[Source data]
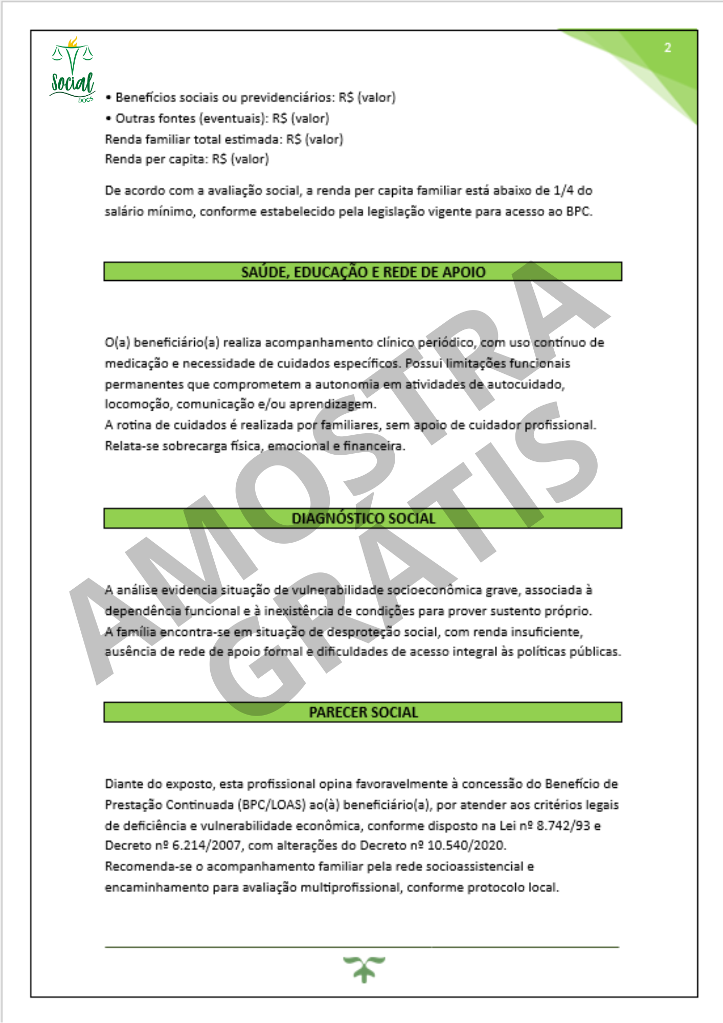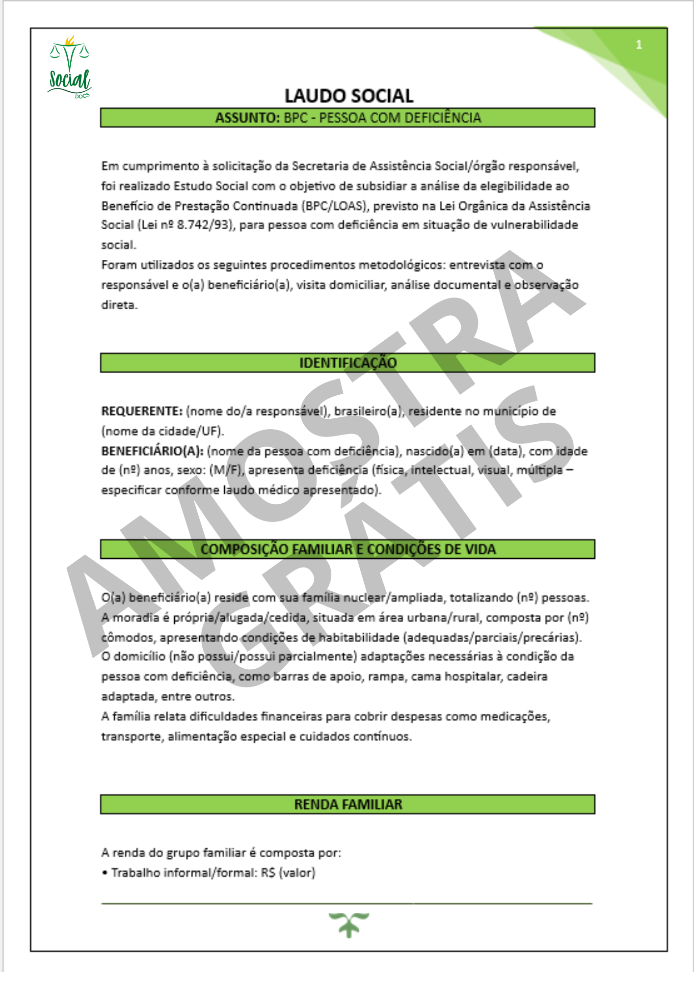 Modelo de Laudo Social – Pessoa com Deficiência e Situação de Vulnerabilidade (BPC/LOAS)
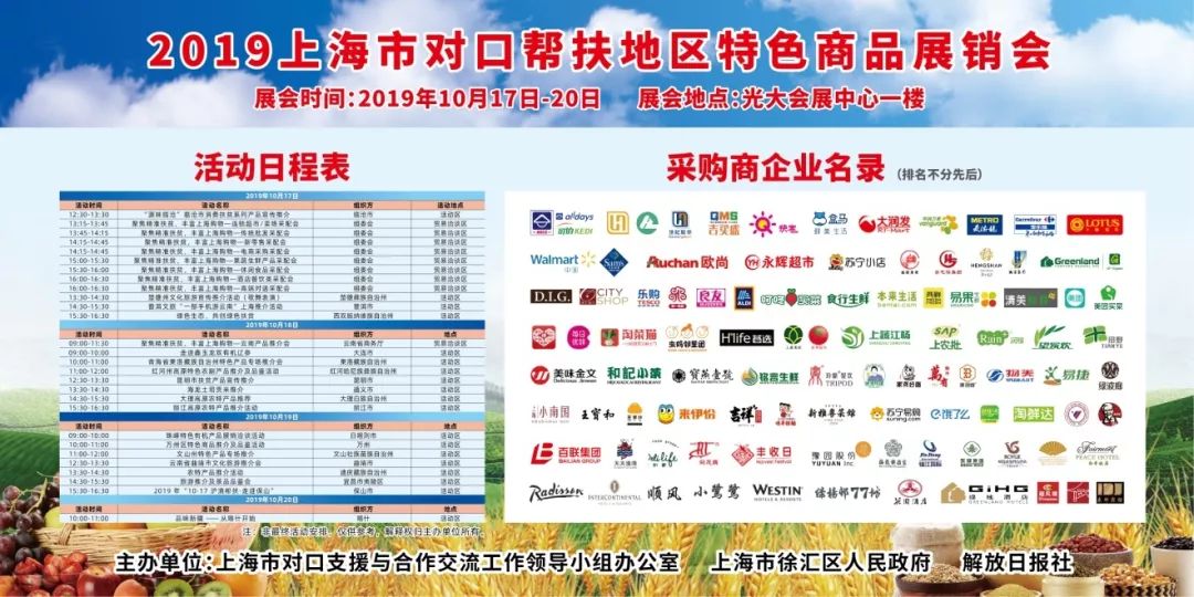 2019上海市对口地区特色商品展销会由上海市对口支援与合作交流工作领导小组办公室、上海市徐汇区人民政府、解放日报社联合主办。集中展示了来自上海对口的云南、青海、西藏、新疆、重庆等8省(区、市)的21个市(地、州)的数千种工艺品和美食。
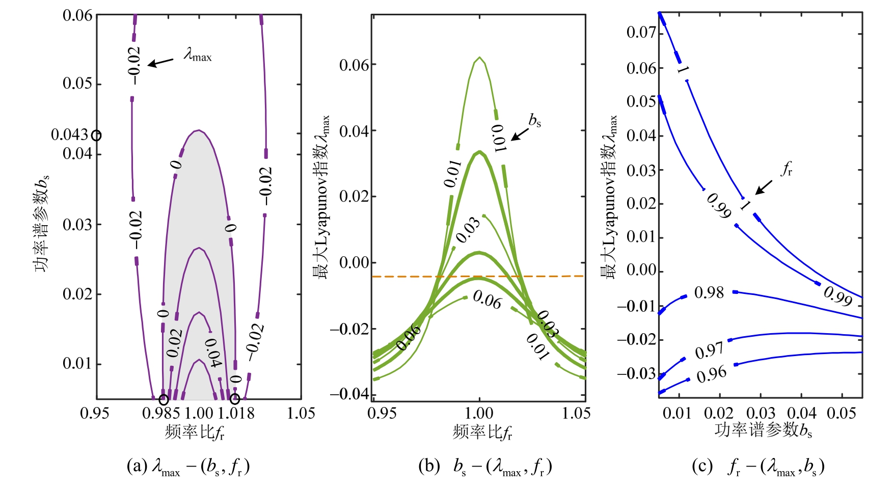 图5λmax、fr、bs不同组合等势线图
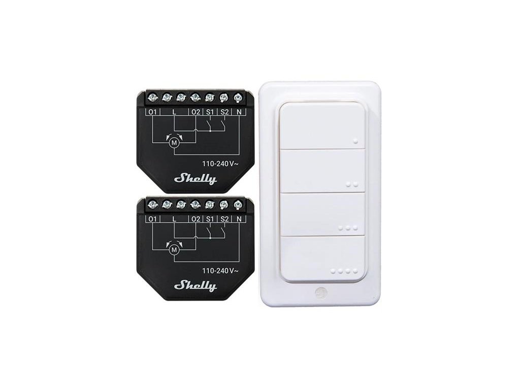 Tento set obsahuje dva WiFi ovladače pro žaluzie/rolety SHELLY Shutter a jednu bezdrátovou tlačítkovou jednotku SHELLY BLU RC 4, která umožňuje ovládat vaše žaluzie nebo závěsy pohodlně a bezdrátově.
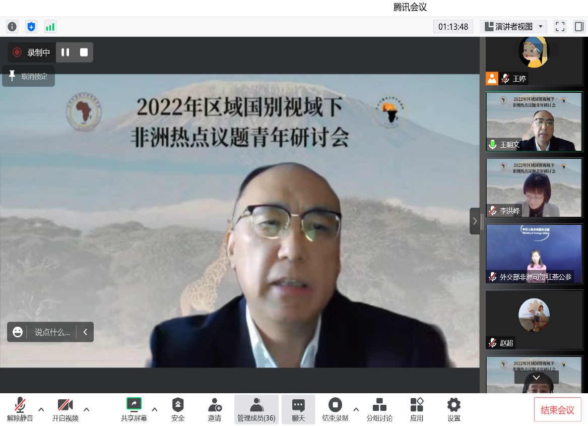 王朝文社长强调非洲的多彩文化和悠久历史,指出中非交往具有历史渊源和深厚友谊。作为中非友好关系的见证者,在非洲长期的工作和生活经历也加深了他对于非洲的理解和喜爱。王朝文社长向研究非洲问题青年学者提出了三点建议:一是加强对新时代中非关系的研究,展示中非务实合作事务,提升中国在中非关系学术领域的话语权。二是,善于用中国视角研究非洲问题。通过立足中国立场高质量产出并广泛传播非洲研究成果,在世界上改变西方对非洲研究的主导地位,改变在社科研究领域的西方中心主义。三是,积极讲好新时代中非故事。研究非洲问题的学者们,既是中非关系的研究者,更是中非友谊的传播者,一定要具备有一种时不我待的使命感。
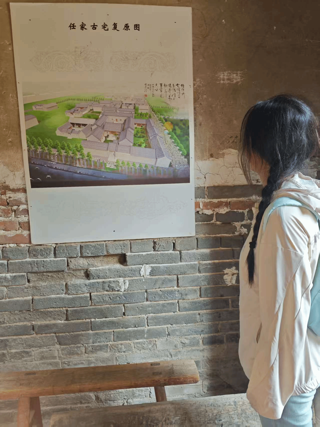 进入古宅门口,右侧的遗址处,青灰砖墙累积矗立,门前一棵绿得发亮的小树生机盎然,与古老的建筑形成鲜明对比,正如 “沉舟侧畔千帆过,病树前头万木春” 所蕴含的新旧交替之意。沿着泥路向前,拐角处的招待厅,仅需签字并登记身份证和电话号码即可入院游览。任老(看起来七十来岁,满头白发,但身体依旧硬朗)坐在桌后,笑盈盈地招呼着每一位游客,还热情地为团队拍摄了集体合照,直至成员们离开,他忙碌的身影都未曾停下。

• _TO DO_:
Please give the records above again exactly as they stand, with no pictures.

• _EXERCISE RESPONSE_:
 Modelo de Laudo Social – Pessoa com Deficiência e Situação de Vulnerabilidade (BPC/LOAS)
 2019上海市对口地区特色商品展销会由上海市对口支援与合作交流工作领导小组办公室、上海市徐汇区人民政府、解放日报社联合主办。集中展示了来自上海对口的云南、青海、西藏、新疆、重庆等8省(区、市)的21个市(地、州)的数千种工艺品和美食。
 图5λmax、fr、bs不同组合等势线图
 Tento set obsahuje dva WiFi ovladače pro žaluzie/rolety SHELLY Shutter a jednu bezdrátovou tlačítkovou jednotku SHELLY BLU RC 4, která umožňuje ovládat vaše žaluzie nebo závěsy pohodlně a bezdrátově.
 王朝文社长强调非洲的多彩文化和悠久历史,指出中非交往具有历史渊源和深厚友谊。作为中非友好关系的见证者,在非洲长期的工作和生活经历也加深了他对于非洲的理解和喜爱。王朝文社长向研究非洲问题青年学者提出了三点建议:一是加强对新时代中非关系的研究,展示中非务实合作事务,提升中国在中非关系学术领域的话语权。二是,善于用中国视角研究非洲问题。通过立足中国立场高质量产出并广泛传播非洲研究成果,在世界上改变西方对非洲研究的主导地位,改变在社科研究领域的西方中心主义。三是,积极讲好新时代中非故事。研究非洲问题的学者们,既是中非关系的研究者,更是中非友谊的传播者,一定要具备有一种时不我待的使命感。
 进入古宅门口,右侧的遗址处,青灰砖墙累积矗立,门前一棵绿得发亮的小树生机盎然,与古老的建筑形成鲜明对比,正如 “沉舟侧畔千帆过,病树前头万木春” 所蕴含的新旧交替之意。沿着泥路向前,拐角处的招待厅,仅需签字并登记身份证和电话号码即可入院游览。任老(看起来七十来岁,满头白发,但身体依旧硬朗)坐在桌后,笑盈盈地招呼着每一位游客,还热情地为团队拍摄了集体合照,直至成员们离开,他忙碌的身影都未曾停下。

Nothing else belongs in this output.